Testing FMT is part clinical trial, part interventional clinical experiment. If installing a new microbiota works, it will be compelling evidence that the displaced microbiota had been central to generating IBD. Whereas, if symptoms persist after microbial transfer and the microbiota reverts, this will indicate that the problem lies with the immune system. A well-executed but failed trial of FMT, therefore, would offer the consolation of new insight into the mechanism of the disease.
“I wouldn't expect one transplant to change the microbiota that much.”
But before any of this can happen, researchers need to know whether introduced microorganisms effectively colonize the recipient's gastrointestinal tract. Without this information, it is impossible to interpret a changing or unchanging disease course. For this reason, Khoruts argues that establishing a reliable methodology should be the first goal of IBD research. “I wouldn't expect that one administration of FMT would really change the microbial community structure that much,” he says. Unlike the denuded bowels of people with a C. difficile infection, there are already microbes in the guts of people with IBD, leaving nowhere for the new arrivals to settle. “But if you do it repeatedly, there is a decent chance that you're going to have a substantial change in the microbial community,” says Khoruts.
Moayyedi agrees. In his 2015 trial, DNA analysis of stool samples revealed that the microbial composition of FMT-treated participants shifted modestly towards the donor's profile after the six weekly transplants. In a second trial, set to begin next year, patients will first be given a two-week course of broad-spectrum antibiotics to make space in the gut, and then receive twice-weekly FMT for eight weeks.
Moayyedi is also tweaking other aspects of the methodology in the new trial to explore signals that he noticed in the 2015 trial. All participants will receive stool from a single donor, for instance. The original trial used two main donors, A and B. Intriguingly, A's donations cured nobody, whereas B's had a 39% success rate. Disease duration is another variable that they have their eye on this time around: 3 of the 4 participants who'd had ulcerative colitis for less than 1 year responded to FMT, compared with only 6 of 34 who'd had the disease for longer.

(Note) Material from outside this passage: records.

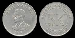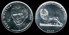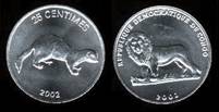 km 1 10 Francs (1965) Aluminumkm 7 10 Sengis (1967) Aluminum km 8 1 Likuta (1967) Aluminumkm 9 5 Makuta (1967) Copper-Nickelkm 75 50 Centimes (2002) Soccer playerkm 76 25 Centimes (2002) Weaselkm 77 25 Centimes (2002) Ramkm 78 50 Centimes (2002) Giraffekm 79 50 Centimes (2002) Gorilla km 80 50 Centimes (2002) Butterfly km 81 1 Franc (2002) Turtlekm 82 1 Franc (2002) Chickenkm 83 25 Centimes (2002) Wild Dogkm 123 50 Centimes (2002) Verney Camereonkm 156 1 Franc (2004) Pope Jean Paul 1946km 157 1 Franc (2004) Pope Jean Paul 1967km 158 1 Franc (2004) Pope Jean Paul 1978km 159 1 Franc (2004) Pope Jean Paul Visitkm 174 1 Franc (2004) African Golden Cat – Copper Nickel
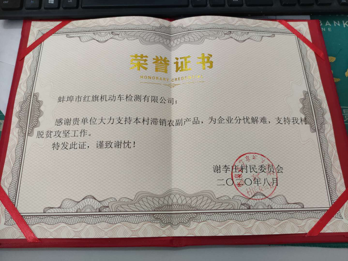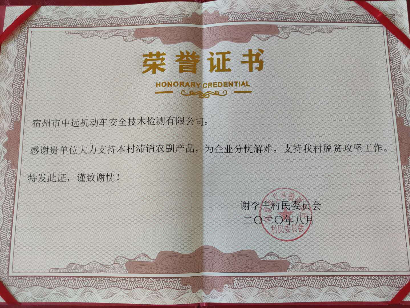 近日,安徽省机动车辆检测协会副会长单位深圳大雷汽车检测有限公司、宿州中远机动车安全技术检测有限公司和监事长单位蚌埠红旗机动车检测有限公司先后收到协会定点扶贫村—阜阳市临泉县艾亭镇谢李庄村委会寄来的荣誉证书,感谢他们大力支持销售该村滞销的农副土特产品菊花,为企业分忧,为?贫攻坚助力。
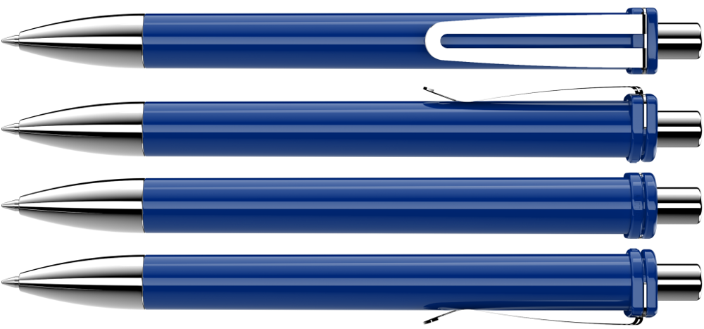 Retractable ballpoint pen with opaque glossy housing and clip holder. Wide flexible metal clip, metal tip and metal push-button chrome plated.
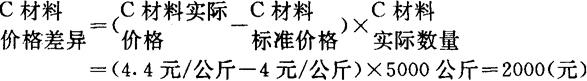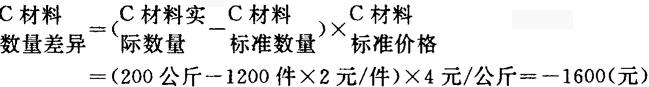 〔例2〕依前便A公司该同直接材料的数量标准为2公斤/件,预计全月生产B产品1000件,实际完成1200件,完耗材料2000公斤,则C材料的数量差异为多少? 解:根据上述公式,将已知条件代入:

That is a lot of factors to explore, and every additional variable requires more participants and hence more funding. Rubin also wonders if there is a basic heterogeneity across IBD cases, such that a person whose disease began after a food-poisoning incident might benefit from FMT, whereas a more strongly genetic case might not. Funding large trials and sophisticated DNA analysis is challenging, especially for a treatment that, unlike a regular drug, has struggled to attract major financial investment.
But this seems to be changing, as recently funded clinical trials in the United States, Australia, China and the United Kingdom indicate. One of those trials is at the University of Birmingham, UK — much closer to Adams's home. But he has no need for it now: his surgery worked and he is back out surfing again. “I feel like a completely different person,” he says. “I'm living a whole new life.” His thoughts about the therapy he was never able to try are pragmatic: “I really hope it at least gets the length it needs to be trialled properly and for a proper outcome to be obvious.